§ Assigned task
Where a record contains a picture, omit the picture and repeat the rest exactly.
-*-*-
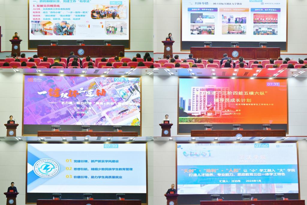 会上,交通学院、经管学院、能动学院、材料学院、法学院、艺术学院就学院学生工作特色进行了现场交流,其他学院以书面形式进行了交流。
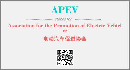 上述内容是“Association for the Promotion of Electric Vehicles”作为“APEV”的缩写,解释为“电动汽车促进协会”时的信息,以及英文缩略词APEV所代表的英文单词,其对应的中文拼音、详细解释以及在英文中的流行度和相关分类、应用领域及应用示例等。
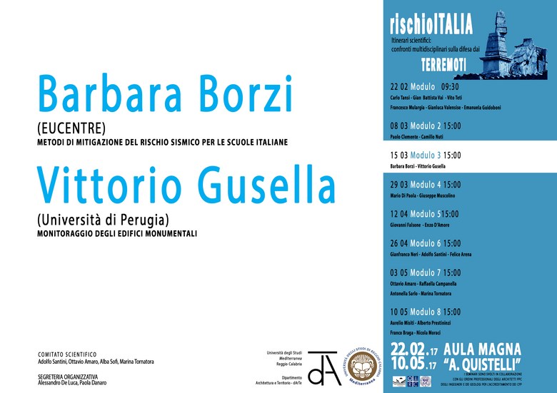 Il ciclo di seminari "Rischio Italia", organizzato dal Dipartimento DArTe del nostro Ateneo, si inquadra in questo contesto e vuole promuovere un dibattito multidisciplinare sul tema del rischio e della prevenzione. I seminari, rivolti a professionisti e studenti, saranno tenuti da alcuni tra i maggiori esperti italiani del settore e hanno lo scopo di contribuire a formare una consapevole e condivisa coscienza del pericolo e del conseguente rischio, mostrando che, pur nella loro ineluttabilità, dai terremoti ci si può e ci si deve difendere.
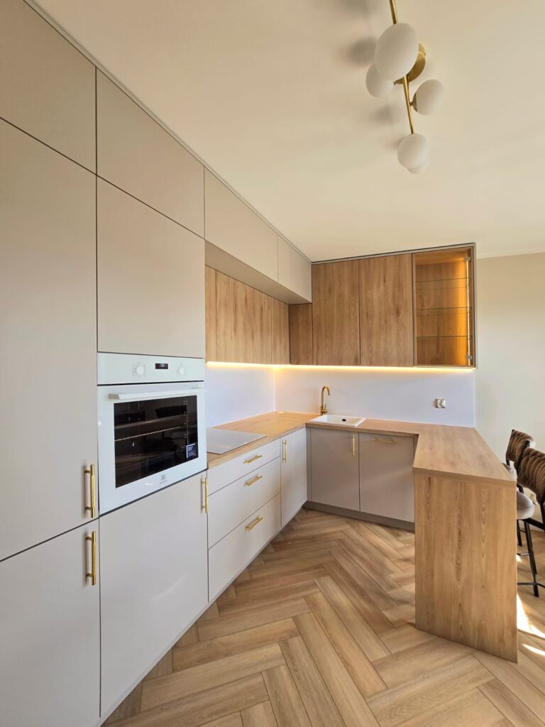 Kuchnia z Frontami Akrylowymi i Płytą Drewnopodobną Meble na Wymiar Gorzów Wielkopolski Kuchnia z frontami akrylowymi i płytą drewnopodobną to idealne połączenie nowoczesności i naturalnego wyglądu. Tego typu aranżacja łączy w sobie elegancję i funkcjonalność, tworząc przestrzeń, która jest zarówno estetyczna, jak i praktyczna. Fronty Akrylowe Fronty akrylowe są coraz bardziej popularne w nowoczesnych kuchniach. Wykonane z płyty meblowej pokrytej warstwą akrylu, charakteryzują się one wysokim połyskiem, który nadaje wnętrzu elegancki wygląd. Oto kilka zalet frontów akrylowych: Trwałość: Fronty akrylowe są odporne na zarysowania, wilgoć oraz promieniowanie UV, co sprawia, że zachowują swój wygląd przez długie lata. Łatwość w utrzymaniu czystości: Powierzchnia akrylu jest gładka i nieporowata, co ułatwia usuwanie zabrudzeń. Estetyka: Akrylowe fronty oferują głęboki połysk, który tworzy efekt szkła, dodając kuchni nowoczesnego charakteru. Płyta Drewnopodobna Płyta drewnopodobna to doskonały wybór dla tych, którzy chcą wprowadzić do swojej kuchni naturalny akcent bez konieczności stosowania litego drewna. Płyty te są dostępne w różnych wzorach i kolorach, które imitują wygląd prawdziwego drewna, oferując jednocześnie większą odporność na wilgoć i uszkodzenia mechaniczne. Koszt Kuchni Koszt kuchni z frontami akrylowymi i płytą drewnopodobną wynosi około 26 000 zł. Cena ta obejmuje zarówno materiały, jak i robociznę, a także wszelkie dodatkowe akcesoria, takie jak uchwyty, zawiasy i systemy cichego domykania. Dlaczego Warto? Inwestycja w kuchnię z frontami akrylowymi i płytą drewnopodobną to doskonały wybór dla osób ceniących sobie nowoczesny design i trwałość. Tego typu kuchnia nie tylko pięknie się prezentuje, ale również jest łatwa w utrzymaniu i odporna na codzienne użytkowanie.
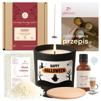 Zestaw do robienia świecy na Halloween CZARNY POJEMNIK z naklejką i drewnianym wieczkiem PREZENT, URODZINY
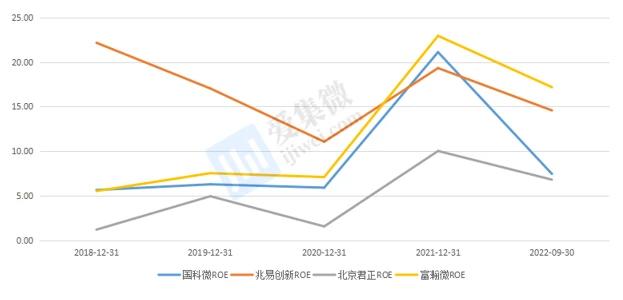整体来看各公司的ROE经营水平,受周期影响波动性较大,2021年各公司的ROE都处于历史高位,进入到2022年的去库存周期,公司盈利能力进入到下行周期。国科微有最大幅度的降幅,从2021年21%降到2022年Q3的7%,而其余三家公司虽受库存周期影响,但是产品的多样性有效缓冲了市场消费电子的需求下行,在四季度和明年一季度下游厂商完成库存出清后,预期北京君正的ROE经营水平会得到快速的反转。
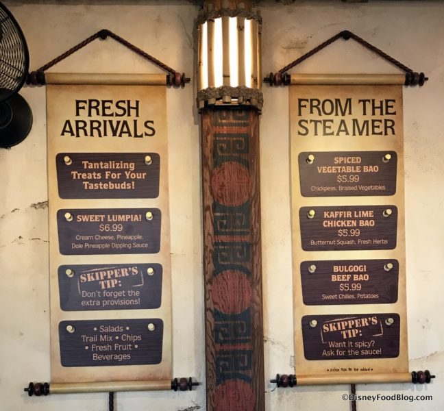 Nestled on the shores between two beloved attractions — Walt Disney’s Enchanted Tiki Room and the Jungle Cruise — this new Counter Service location takes inspiration from its tropical neighbors for its trader’s market setting, with food and drink offerings likewise highlighting exotic cuisine from around the globe.
-*-*-
§ Task result
 会上,交通学院、经管学院、能动学院、材料学院、法学院、艺术学院就学院学生工作特色进行了现场交流,其他学院以书面形式进行了交流。
 上述内容是“Association for the Promotion of Electric Vehicles”作为“APEV”的缩写,解释为“电动汽车促进协会”时的信息,以及英文缩略词APEV所代表的英文单词,其对应的中文拼音、详细解释以及在英文中的流行度和相关分类、应用领域及应用示例等。
 Il ciclo di seminari "Rischio Italia", organizzato dal Dipartimento DArTe del nostro Ateneo, si inquadra in questo contesto e vuole promuovere un dibattito multidisciplinare sul tema del rischio e della prevenzione. I seminari, rivolti a professionisti e studenti, saranno tenuti da alcuni tra i maggiori esperti italiani del settore e hanno lo scopo di contribuire a formare una consapevole e condivisa coscienza del pericolo e del conseguente rischio, mostrando che, pur nella loro ineluttabilità, dai terremoti ci si può e ci si deve difendere.
 Kuchnia z Frontami Akrylowymi i Płytą Drewnopodobną Meble na Wymiar Gorzów Wielkopolski Kuchnia z frontami akrylowymi i płytą drewnopodobną to idealne połączenie nowoczesności i naturalnego wyglądu. Tego typu aranżacja łączy w sobie elegancję i funkcjonalność, tworząc przestrzeń, która jest zarówno estetyczna, jak i praktyczna. Fronty Akrylowe Fronty akrylowe są coraz bardziej popularne w nowoczesnych kuchniach. Wykonane z płyty meblowej pokrytej warstwą akrylu, charakteryzują się one wysokim połyskiem, który nadaje wnętrzu elegancki wygląd. Oto kilka zalet frontów akrylowych: Trwałość: Fronty akrylowe są odporne na zarysowania, wilgoć oraz promieniowanie UV, co sprawia, że zachowują swój wygląd przez długie lata. Łatwość w utrzymaniu czystości: Powierzchnia akrylu jest gładka i nieporowata, co ułatwia usuwanie zabrudzeń. Estetyka: Akrylowe fronty oferują głęboki połysk, który tworzy efekt szkła, dodając kuchni nowoczesnego charakteru. Płyta Drewnopodobna Płyta drewnopodobna to doskonały wybór dla tych, którzy chcą wprowadzić do swojej kuchni naturalny akcent bez konieczności stosowania litego drewna. Płyty te są dostępne w różnych wzorach i kolorach, które imitują wygląd prawdziwego drewna, oferując jednocześnie większą odporność na wilgoć i uszkodzenia mechaniczne. Koszt Kuchni Koszt kuchni z frontami akrylowymi i płytą drewnopodobną wynosi około 26 000 zł. Cena ta obejmuje zarówno materiały, jak i robociznę, a także wszelkie dodatkowe akcesoria, takie jak uchwyty, zawiasy i systemy cichego domykania. Dlaczego Warto? Inwestycja w kuchnię z frontami akrylowymi i płytą drewnopodobną to doskonały wybór dla osób ceniących sobie nowoczesny design i trwałość. Tego typu kuchnia nie tylko pięknie się prezentuje, ale również jest łatwa w utrzymaniu i odporna na codzienne użytkowanie.
 Zestaw do robienia świecy na Halloween CZARNY POJEMNIK z naklejką i drewnianym wieczkiem PREZENT, URODZINY
整体来看各公司的ROE经营水平,受周期影响波动性较大,2021年各公司的ROE都处于历史高位,进入到2022年的去库存周期,公司盈利能力进入到下行周期。国科微有最大幅度的降幅,从2021年21%降到2022年Q3的7%,而其余三家公司虽受库存周期影响,但是产品的多样性有效缓冲了市场消费电子的需求下行,在四季度和明年一季度下游厂商完成库存出清后,预期北京君正的ROE经营水平会得到快速的反转。
 Nestled on the shores between two beloved attractions — Walt Disney’s Enchanted Tiki Room and the Jungle Cruise — this new Counter Service location takes inspiration from its tropical neighbors for its trader’s market setting, with food and drink offerings likewise highlighting exotic cuisine from around the globe.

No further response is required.